By Garry Bartecki
Contributing Writer
Okay, so you heard the entire debate about the economic bailout plan (officially known as the Emergency Economic Stabilization Act), and are aware of all the deals made beforehand with AIG and some of the investment banks. You also heard that this fix was required to shore up the banks and get the credit markets moving again. Hearing that, youre probably thinking all will be right with the world now, and you can ignore last months column about tight credit markets.
Not gonna happen...
After President Bush signed the bill and I had a chance to listen to various experts, I went back to Ken Hedlund and Robert Frentzel, contributors to last months column, for their insight. Unfortunately, no matter who you talk to, it will take time to get the changes in the bill through the system; in the meantime, credit is going to be tougher to get than it was before things hit the fan. So, pretty much what we suggested last month is still on the table. Things may be a little better, but not to the point where credit will be easy to get.
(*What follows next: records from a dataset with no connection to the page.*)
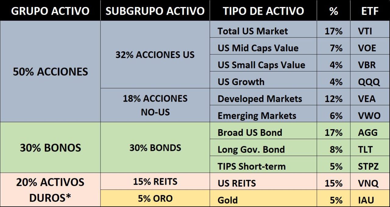 Como ejemplo de un portafolio global presento en este artículo mi portafolio base, la distribución y porcentajes de los diferentes activos del mismo e incluso los productos que he seleccionado como vehículo de inversión para cada tipo de activo.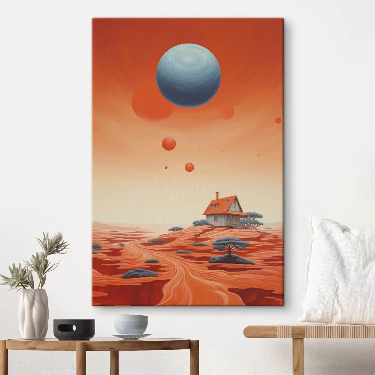 Tableau Désert avec maison, art futuriste, cosmique, planète s40944
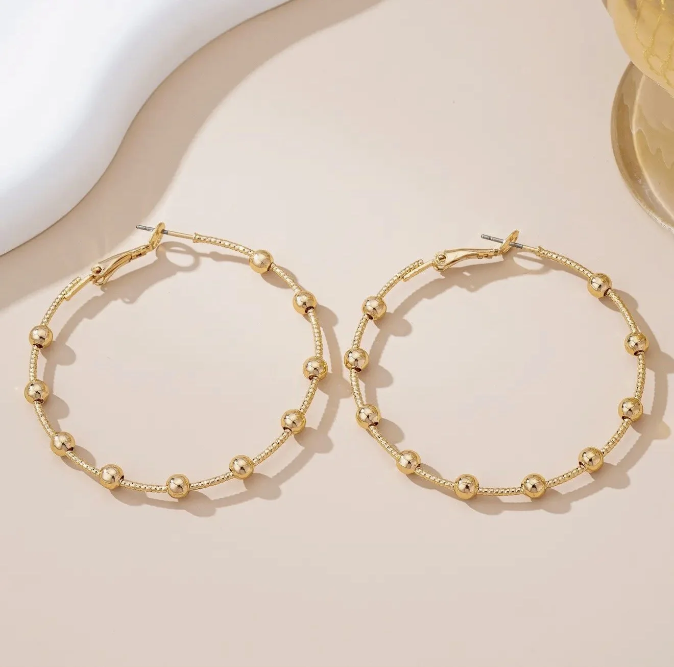 Shop › Beaded Gold Hoops Image 1 of 2 Image 2 of 2 Beaded Gold Hoops $16.00 • Hypoallergenic posts• Lead and nickel compliant Add To Cart Added! • Hypoallergenic posts• Lead and nickel compliant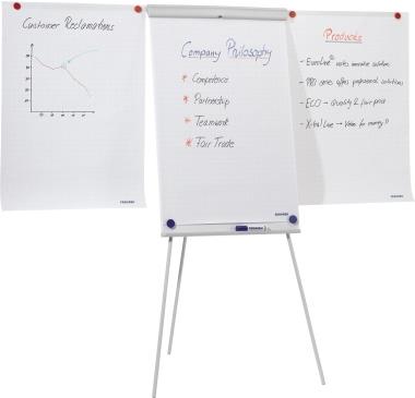 Flipchart-Tafel X-tra!Line Standard Plus. Tafel magnethaftend. Tafel beschreibbar. Typbezeichnung der Stativform: Dreibeinstativ. Abmessung der Standfläche: 95 x 110 cm. Gesamthöhe: 188 mm. Ausführung der Höhenverstellung: stufenlos bis 188cm. Werkstoff: Kunststoff. Ablageschale vorhanden. Anzahl der Arme: 2 Stück. Masse (Gewicht): 11 kg. Größe (B x H): 68 x 105 cm. Farbe des Gestells: Grau. Verpackung: Karton.

Uncertainty in real estate lingers on
Banks are still nervous. They are still hesitant to loan funds to each other. The Federal transactions will take some time to complete, which will push out the recovery time. And like it or not, real estate and thus construction will not be high on any banks list when they sit down to discuss what markets to hit going forward.
Banks will also be more cautious with their lending policies. They will be pushing a de-leveraging model, which will require more collateral and less debt to avoid over-extending themselves based on conservative lending standards.
A recent survey of real estate executives suggests the majority are writing off 2009, with 92% of respondents holding a bearish outlook for the next 12 months. Of this group, 62% believe it will be 2010 before the real estate market stabilizes, with another 22% thinking it will be 2011. The multi-family housing market holds some 12-month potential, with the single-family market pushed out to 2010 and 2011.